MATAHARI yang hampir tenggelam, dan Peter yang terbaring lemah tampak tenang. Hingga Maisha yang tidak sengaja menemukan sahabatnya itu, dia melempar sepedanya kemana saja.
"Peter! Kenapa kamu di sini? Kamu sudah bertarung? tanya Maisha terhadap Peter yang masih tidak sadarkan diri. "Peter, aku mohon, bangunlah," sambungnya sambil mengambil telepon genggam miliknya.
Maisha yang sedang memangku setengah badan Peter itu, sambil menghubungi seseorang. Dia adalah ayahnya Peter-Elbar
"Om, bisakah kau datang membantuku? Peter ditemukan tidak sadarkan diri dengan memar dan darah di sekitar wajahnya. Aku akan memberikan alamatnya sekarang juga," lapor Maisha yang masih mengusap pelan kepala Peter.
"Baik, aku akan datang ke sana," balas Elbar terburu-buru.
Elbar tampak panik saat ini. Dia bahkan dengan segera menyimpan penelitiannya karena mendengar kabar tersebut. Elbar mulai menancap gas mobilnya. Laju kecepatannya sangat cepat. Hingga membuat pejalan kaki memegang dadanya takut. Untung saja tidak ada korban dari kepanikannya itu.

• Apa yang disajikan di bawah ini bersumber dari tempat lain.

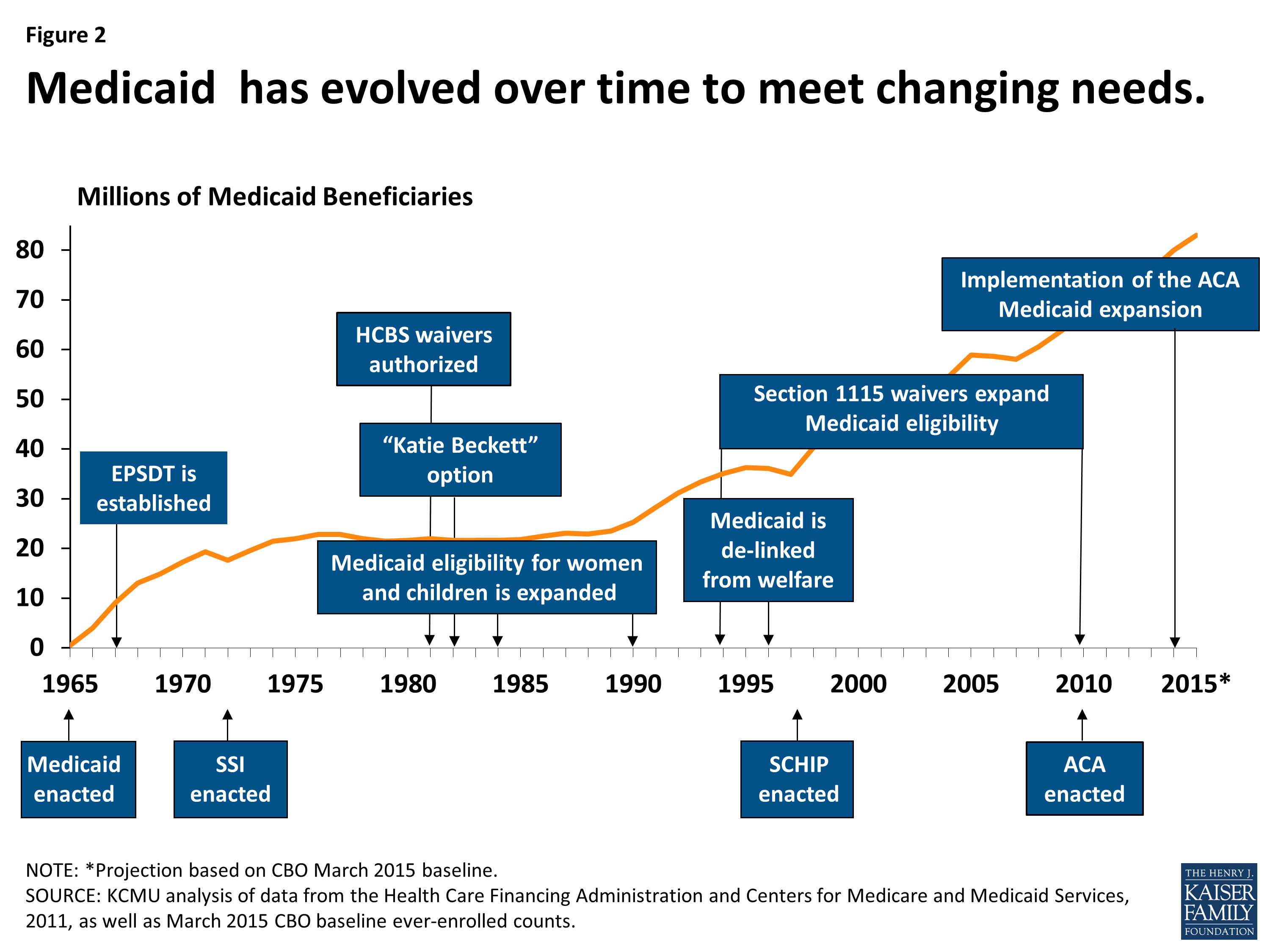 The Medicaid program, signed into law by President Lyndon B. Johnson on July 30, 1965, will reach its 50th anniversary this year, a historic milestone. At the Kaiser Commission on Medicaid and the Uninsured, where we have closely studied and analyzed Medicaid for nearly 25 years, we are recognizing this important occasion by documenting Medicaid’s evolution and its role in our health care system today. This report reflects on Medicaid’s accomplishments and challenges and considers the issues on the horizon that will influence the course of this major health coverage and financing program moving forward.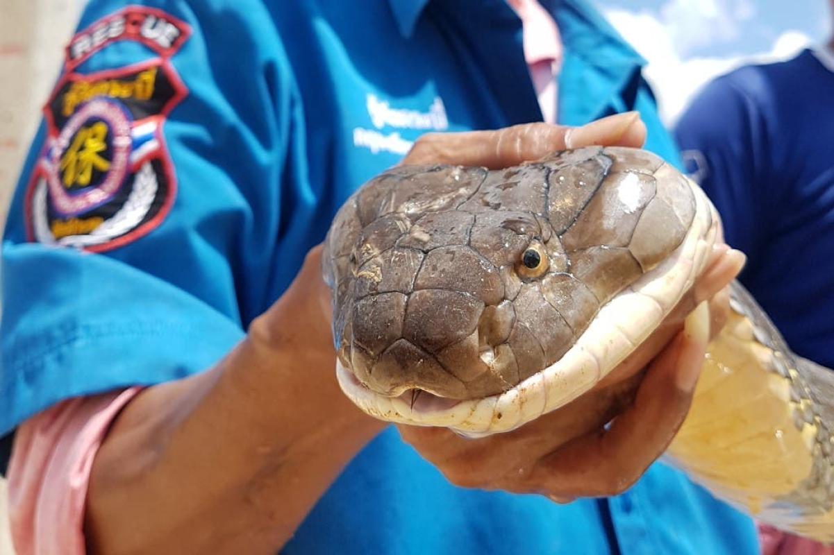 Una cobra rey de cuatro metros fue sacada de una alcantarilla en el sur de Tailandia en una operación de una hora, informó este martes una fundación de rescate, que describió al reptil como uno de los más grandes que han capturado.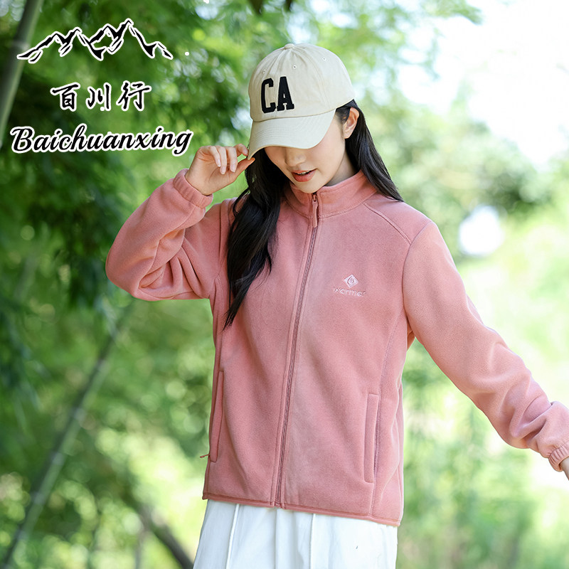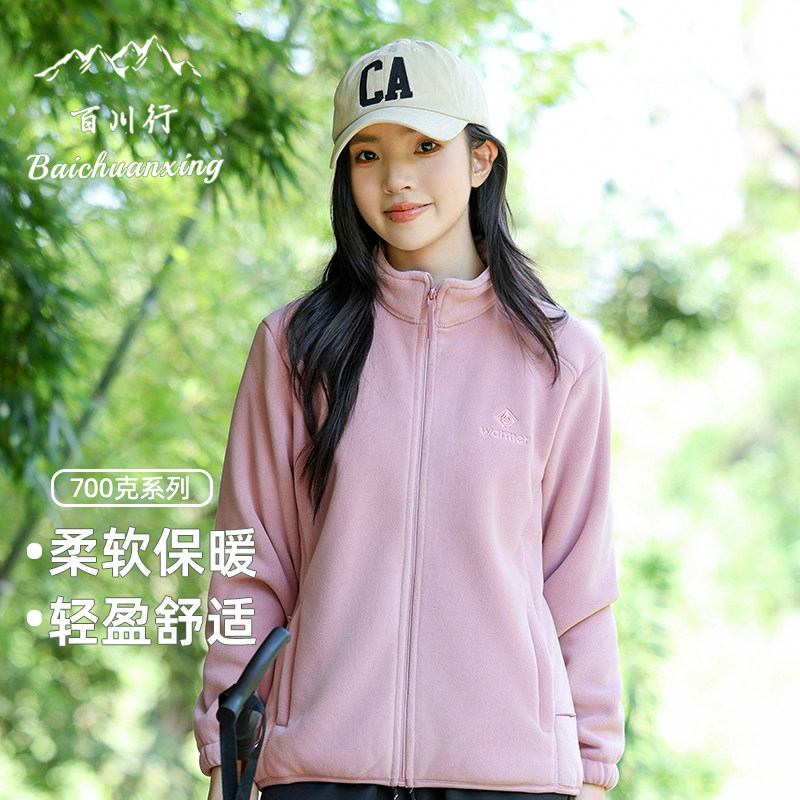 秋冬加绒加厚奥粒绒女士摇粒绒户外套保暖抓绒衣内胆休闲立领卫衣

Sedangkan di jalanan kosong sana, Maisha tampak setia menopang tubuh Peter padanya. Maisha meneliti luka di tubuh Peter. Sampai dia melihat luka yang lebih aneh. Dia melihat cakaran di lehernya sekilas. Saat ingin mendekatkan matanya menuju luka aneh tersebut, Elbar memanggilnya.
"Maisha!" panggil Elbar dengan cucuran keringat yang membanjiri dahinya. Matanya yang lelah dan sayu tampak membuat laki-laki berumur 50 tersebut menyedihkan.
"Om, maafkan aku. Aku harusnya menemani dia ke makam ibunya," kata Maisha yang merasa bersalah.
Dia tampak merasa bersalah karena tidak bisa menemaninya. Namun, Maisha juga tidak bisa meninggalkan kepentingan tadi.
"Berhenti menyalahkan diri sendiri. Om berterima kasih padamu. Karena Maisha, Peter masih sanggup tersenyum setelah ibunya tiada," balas Elbar yang memangku anaknya itu dengan mata berkaca yang dalam hitungan detik akan pecah.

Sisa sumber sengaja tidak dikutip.